## [Instructions to follow]
The line containing "片手鍋3点セット 20cm IH対応" marks the end: copy exactly every line from the start of the records below up to and including it, leaving out pictures.

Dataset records

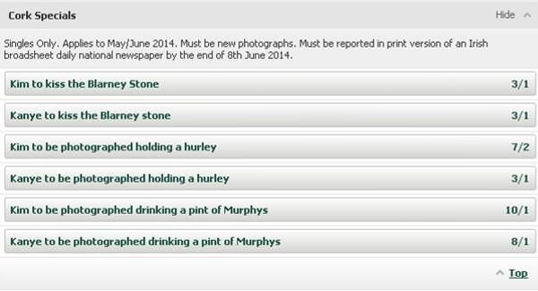 Paddy Power are already offering odds on what Kimye will get up to on their trip to the Rebel County.
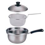 片手鍋3点セット 20cm IH対応 蓋付き ザル付き ゆで名人 ステンレス製 日本製 ( ガス火対応 ステンレス鍋 調理器具 )
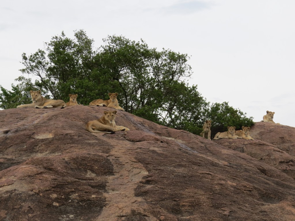Doting the savannah are the granite “rocks” called Kopjes that stick out like islands in a sea of grass. These are ancient features that are over 500 millions years old and have been exposed after the softer volcanic ash from the area volcanoes were eroded away. They provide a contrast to the grasslands and acacia trees and provide the habitat for animals, plants, caves, water and the ultimate vantage point for the lions.
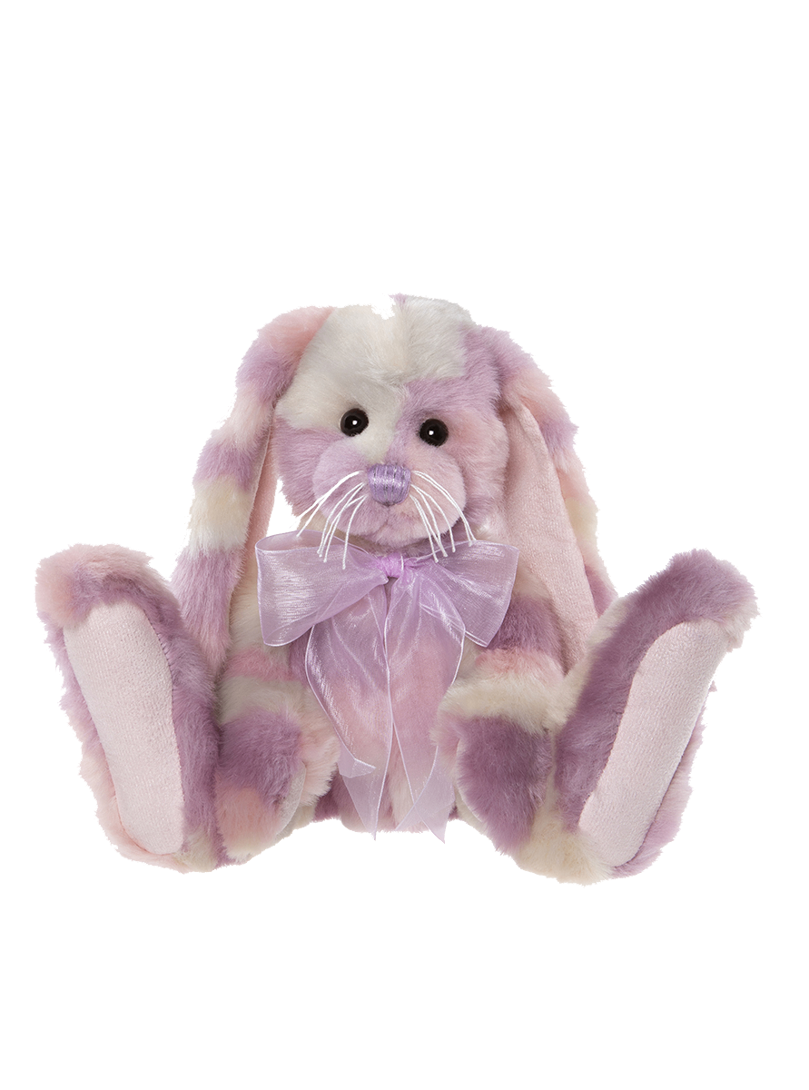 Pink Tulip, our super-soft, fully-jointed rabbit from The Labyrinth Collection 2024 would love to join your hug! Pink Tulip features beautiful pastel pink, lilac and white plush fur in a patch design and is finished with a large organza bow around her neck. Her adorable expression is sure to capture your heart. Look for her bear sibling, Hollyhock! Suitable for ages 3 years +. Surface clean with care. Rabbit height: 30cm/12"/10 Bear Paws.
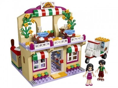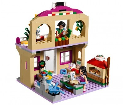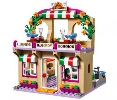 Построим знаменитую пиццерию из деталей этого конструктора? Фасад здания собирается из бежевых деталей и украшен вьющимися растениями. Над окнами установлены полосатые тенты ярких расцветок, которые встречаются на флагах Италии.
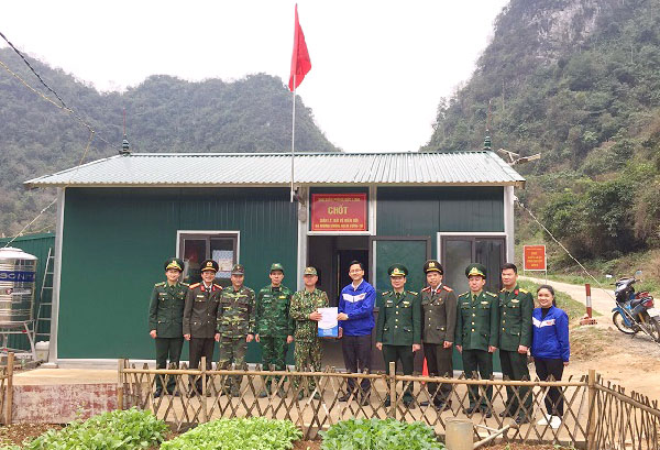 CLB Tuổi trẻ 4 lực lượng thăm hỏi tặng quà Đồn Biên phòng Đức Long huyện Thạch An. |
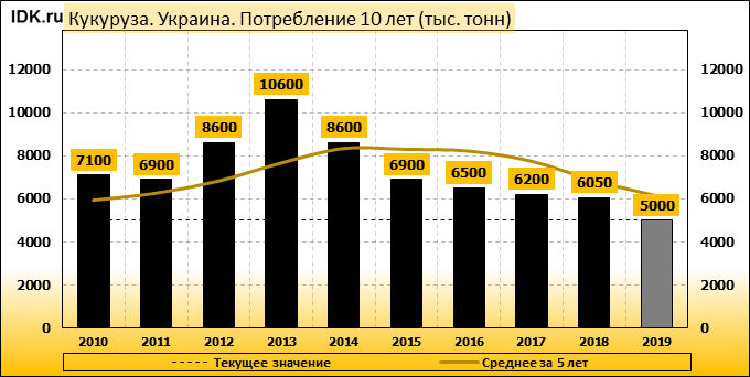 Потребление: показатель не изменился и составляет 5000 тысяч тонн.

## [Problem solution]
 Paddy Power are already offering odds on what Kimye will get up to on their trip to the Rebel County.
 片手鍋3点セット 20cm IH対応 蓋付き ザル付き ゆで名人 ステンレス製 日本製 ( ガス火対応 ステンレス鍋 調理器具 )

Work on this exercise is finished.